BEGIN DATA EXTRACT

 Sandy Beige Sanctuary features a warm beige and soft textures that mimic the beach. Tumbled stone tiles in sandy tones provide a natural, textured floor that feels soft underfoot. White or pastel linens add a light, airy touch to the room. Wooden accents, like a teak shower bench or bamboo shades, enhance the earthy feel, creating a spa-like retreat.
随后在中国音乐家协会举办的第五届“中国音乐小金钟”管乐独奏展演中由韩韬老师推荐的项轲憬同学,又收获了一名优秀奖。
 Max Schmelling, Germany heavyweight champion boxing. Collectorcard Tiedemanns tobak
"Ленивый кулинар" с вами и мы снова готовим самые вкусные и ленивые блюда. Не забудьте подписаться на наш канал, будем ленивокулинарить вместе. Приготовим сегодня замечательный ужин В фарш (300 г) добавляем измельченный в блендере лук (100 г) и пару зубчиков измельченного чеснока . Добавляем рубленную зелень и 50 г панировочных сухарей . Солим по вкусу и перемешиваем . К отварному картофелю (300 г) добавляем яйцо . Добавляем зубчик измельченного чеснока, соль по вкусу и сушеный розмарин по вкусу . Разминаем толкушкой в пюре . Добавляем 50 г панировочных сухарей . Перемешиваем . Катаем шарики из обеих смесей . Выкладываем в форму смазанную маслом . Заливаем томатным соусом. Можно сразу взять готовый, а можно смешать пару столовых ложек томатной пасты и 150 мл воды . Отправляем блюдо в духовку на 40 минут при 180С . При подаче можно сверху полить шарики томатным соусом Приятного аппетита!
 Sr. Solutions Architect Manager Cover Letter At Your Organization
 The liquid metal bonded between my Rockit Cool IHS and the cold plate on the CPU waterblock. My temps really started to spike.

END DATA EXTRACT

> WORK ORDER:
In restating the data, begin at its first line, reproduce each line word for word, and conclude with the line that contains "Max Schmelling, Germany".

> TASK SOLUTION:
 Sandy Beige Sanctuary features a warm beige and soft textures that mimic the beach. Tumbled stone tiles in sandy tones provide a natural, textured floor that feels soft underfoot. White or pastel linens add a light, airy touch to the room. Wooden accents, like a teak shower bench or bamboo shades, enhance the earthy feel, creating a spa-like retreat.
随后在中国音乐家协会举办的第五届“中国音乐小金钟”管乐独奏展演中由韩韬老师推荐的项轲憬同学,又收获了一名优秀奖。
 Max Schmelling, Germany heavyweight champion boxing. Collectorcard Tiedemanns tobak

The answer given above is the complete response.